Terence Cave
2009 Balzan Prize for Literature since 1500
For his outstanding contributions to a new understanding of Renaissance literature and of the influence of Aristotelian poetics in modern European literature
Terence Cave is Emeritus Professor of French Literature at the University of Oxford and Emeritus Research Fellow of St John’s College Oxford. With his study The Cornucopian Text: Problems of Writing in the French Renaissance, first published in 1979 and subsequently translated into French, he gave a wholly new direction to studies of Renaissance literature and of its modes of writing. Starting with the rhetorical concept of copia, he succeeded in showing, through a series of precise individual studies, how this new vision of an abundance that overstepped the bounds of all forms of conventional order may be seen as a response to new modes of experience, thereby throwing light on the fundamental character of the Renaissance in the sixteenth century.
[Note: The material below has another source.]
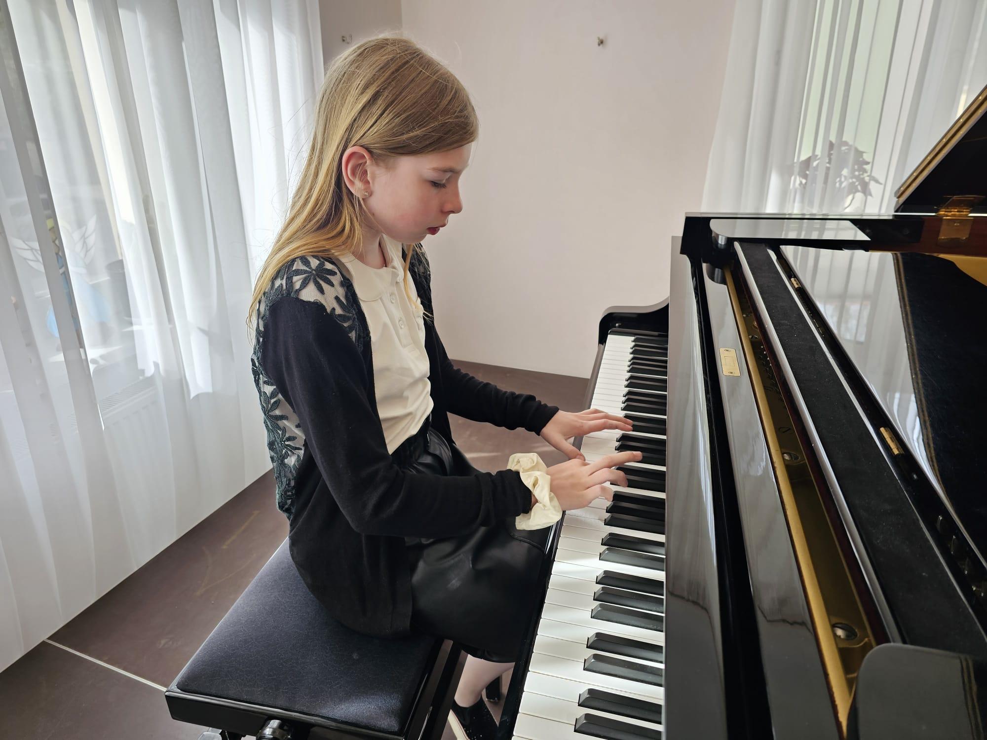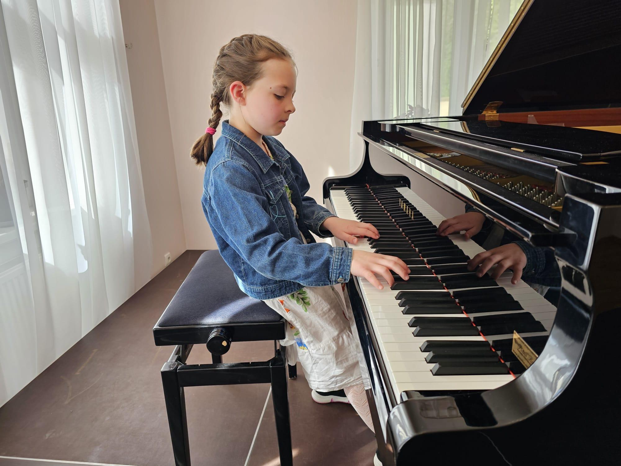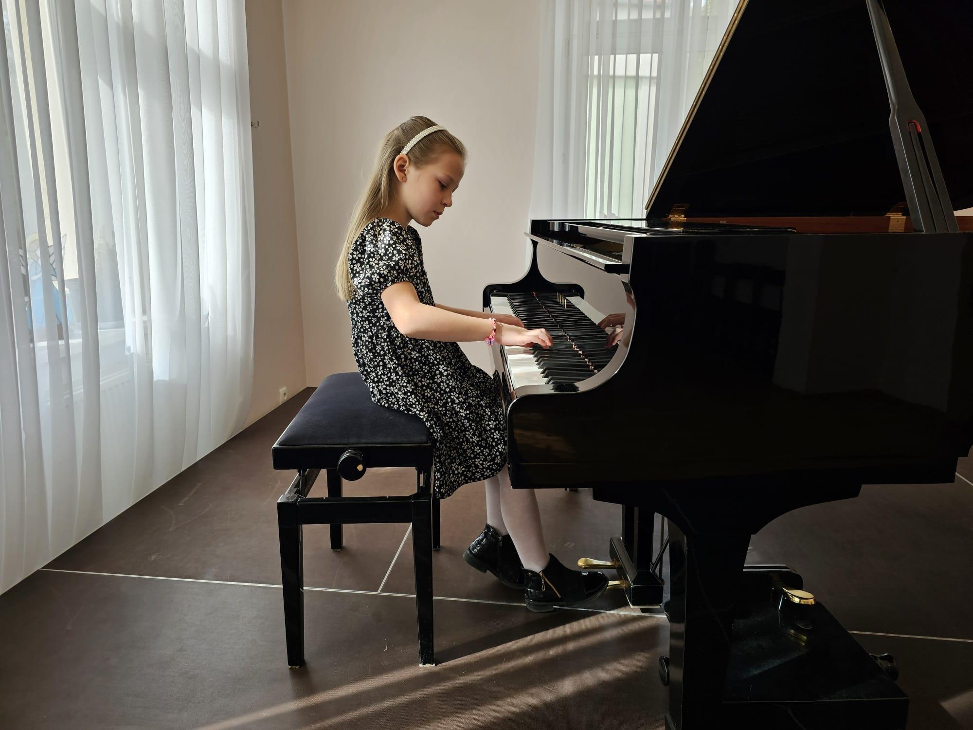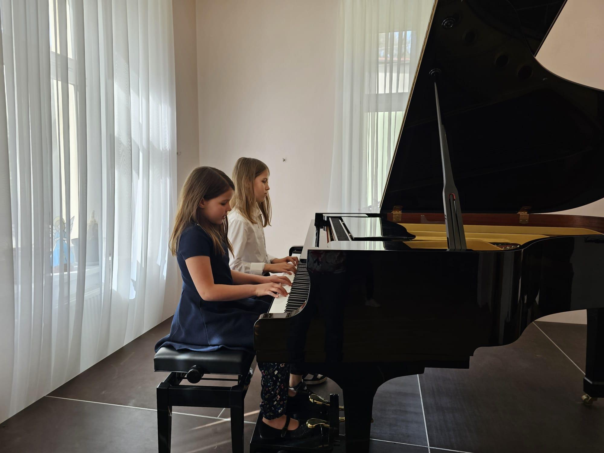 29.04.2024 odbył się koncert "Mój ulubiony utwór" w wykonaniu uczniów klasy fortepianu pani Angeliki Strzygockiej. Podczas występów solowych i zespołowych można było usłyszeć muzykę filmową, musicalową, nawet rockową, nie zabrakło również dzieł W. A. Mozarta i L. v. Beethovena. Gościnnie wystąpiła Magdalena Dworzańska z klasy fletu p. Bożeny Adamskiej a także w roli pianistki z klasy p. Iryny Yakymets oraz Maja Szymczak i Nadia Maryniak z klasy fortepianu p. Katarzyny Gałczyńskiej. Koncert upłynął w przyjaznej i życzliwej atmosferze. Gratulujemy młodym artystom!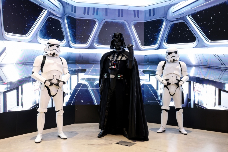 Previously, the company was very invested in setting Galaxy’s Edge in a particular time and place — Black Spire Outpost on the planet Batuu, between Star Wars: Episode VIII – The Last Jedi and Episode IX – The Rise of Skywalker. Now, to borrow a phrase from a different sci-fi franchise, Imagineering is getting timey-wimey with the chronology. Han will be posted up by the Milennium Falcon and/or Oga’s Cantina, Luke will be stomping his Chanel boots in the marketplace, and Darth Vader will be force-choking dads in Grumpy tees.

This argument represented a radical reformulation of the traditional humanistic understanding of the Renaissance. The study is admirable for its innovative force, its erudition, its argumentative rigour and its expository elegance.

Cave’s second major work is Recognitions. A Study in Poetics, where he demonstrated that the much-neglected concept of anagnorisis (recognition) in Aristotelian poetics provides an ideal point of entry to central aspects of the history and theory of post-classical drama, and, much later, of the novel. In the process, Cave uncovers a precise line of continuity running from ancient drama to the rediscovery of this element of poetics during the Italian Renaissance.

For its wide European horizons and historical-literary and theoretical acumen, this work has often been compared with Erich Auerbach’s famous Mimesis. These two opera magna are accompanied by many high-quality individual studies that bear witness to Cave’s standing as one of the most authoritative contemporary scholars of literature.